As shown in FIG. 2, a power source cell 21 for the internal circuit, a power source cell 22 for the input/output circuit and a common ground cell 23 are provided in each cell formation area 30. These cells 21, 22 and 23 are arranged next to the terminals 13A, 13B and 13C, respectively. FIG. 3 shows the block diagram of the semiconductor integrated circuit device 10, and also shows the schematic arrangement of the terminals 13A, 13B and 13C in connection with the cells 21, 22 and 23. The power source terminal 13A is connected to the power source cell 21 via internal wiring 24, and the power source cell 21 is connected to the internal circuit 20 via another internal wiring 25. The second power source cell 13B is connected to the power source cell 22 via internal wiring 26. The common ground terminal 13C is connected to a common ground cell 23 via internal wiring 27, and the common ground cell 23 is connected to the internal circuit 20 via internal wiring 28. The power source terminal 13A is also connected to the power source wiring 15 via the ground cell 21, the power source terminal 13B is also connected to the power source wiring 14 via the power source cell 22, and the ground terminal 13C is also connected to the common ground wiring 16 via the common ground cell 23. In each cell formation area 30, therefore, the three cells 21, 22 and 23 are electrically connected to each other via the wiring 14, 15 and 16.
In this embodiment, a relatively low voltage (e.g., 1.5V) is applied to the power source terminal 13A for voltage feeding to the internal circuit 20 whereas a relatively high voltage (e.g., 3.3V) is applied to the power source terminal 13B for voltage feeding to the input/output circuit power source cell 22.
The cell formation area 30 has the input cell 31 to supply the input signal, which is given from the signal input terminal Tin, to the internal circuit 20. The cell formation area 30 also has the output cell 32 to supply the output signal (e.g., calculation results obtained from the internal circuit 20) to the signal output terminal Tout. The input cell 31 and output cell 32 constitute the input/output circuit 33. The input cell 31 is connected to the internal circuit 20 via the internal wiring 34, and the output cell 32 is connected to the internal circuit 20 via another internal wiring 35. The signal input terminal Tin and signal output terminal Tout are located above the cell formation area 30 and below the wiring 14 and 15 (or wiring 15 and 16). Signals are introduced to the internal circuit 20 from the signal input terminal Tin, and the calculation results of the internal circuit 20 (i.e., output signals) are supplied from the signal output terminal Tout.

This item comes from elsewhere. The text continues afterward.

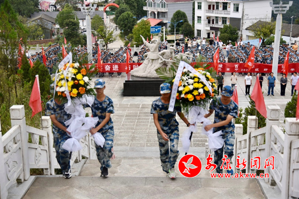 在战斗纪念碑前,大家集体默哀,并向烈士敬献花篮。讲解员生动讲述着牛蹄岭的战斗事迹,在场的每一位仿佛回到了那个战火纷飞的年代,真切感受到革命先烈不怕牺牲、甘于奉献的红色精神。随后,校党总支副书记徐信涛作了题为“赓续红色基因,肩负祖国未来”的报告。徐书记从18岁烈士陈祥榕以身护国讲到东京奥运会上14岁少女全红婵为国争光,再到习近平总书记来陕考察对青年学生的深切寄语,希望同学们在高中新起点上,扣好人生的“第一粒扣子”,立大志,明大德,成大才,担大任,以自己的优异成绩告慰革命先烈,以自己的优异表现实现强国梦想。接着,在高一年级郭红梅老师的带领下,全体学生面对纪念碑庄严宣誓,铮铮誓言,清澈响亮,无不透露出新时代少年报效祖国的坚定信心。

The structures shown in FIGS. 2 and 3 are also employed in other three unit terminal groups 40 in FIG. 1A. Note that there are four unit terminal groups 40 in FIG. 1A. Therefore, the cells 21, 22 and 23 associated with each unit terminal group 40 are connected to the cells 21, 22 and 23 associated with the other three unit terminal groups 40 via the wiring 14, 15 and 16.
Referring now to FIG. 4, the detail of the three cells 21, 22 and 23 will be described. The power source cell 21 for the internal circuit includes a protective circuit 21A. The protective circuit 21A is, for example, used to deal with electrostatic discharge (ESD). The power source cell 22 for the input/output circuit includes a protective circuit 22A. The common ground cell 23 includes a protective circuit 23A, and bypass capacitors C1 and C2 connected to ends of the protective circuit 23A. The bypass capacitors C1 and C2 may be implemented in the form of gate capacitors of MOS transistors or ordinary capacitors on the wiring.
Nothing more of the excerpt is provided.